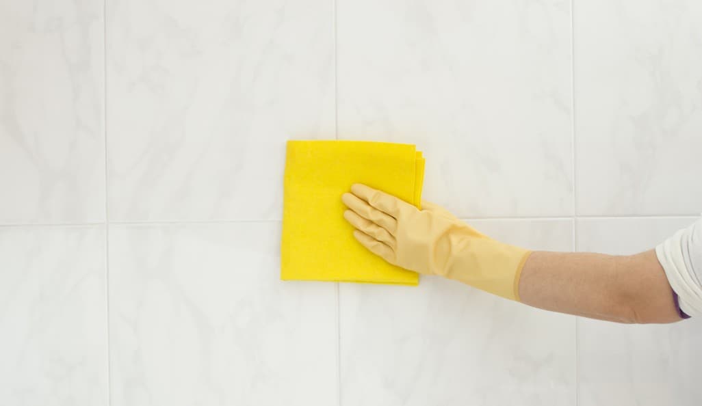 Después de rociar una pequeña sección de azulejos, utiliza una esponja o paño para difundirlo. Espera unos minutos para que la fórmula penetre en la superficie y, a continuación, limpia o enjuague la superficie.
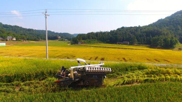農(nóng)機收割水稻(恩陽區(qū)委組織部供圖)
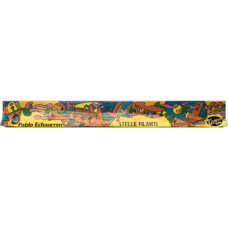 Libro de artista de Pablo Echaurren con ilustraciones en negro y un formato tan estrecho que apenas puede abrirse. Presentación de Renato Barilli. Proyecto gráfico y texto final de Giovanni De Mauro. El tiraje fue de 3000 ejemplares de los cuales 1500 numerados y firmados por el autor (éste pertenece al tiraje sin firmar)

============

WHAT IS REQUIRED
What is needed is an exact copy of the lines from the beginning of the data through the line containing "農(nóng)機收割水稻(恩陽區(qū)委組織部供圖)", both included, without any pictures.

SOLUTION
 Después de rociar una pequeña sección de azulejos, utiliza una esponja o paño para difundirlo. Espera unos minutos para que la fórmula penetre en la superficie y, a continuación, limpia o enjuague la superficie.
農(nóng)機收割水稻(恩陽區(qū)委組織部供圖)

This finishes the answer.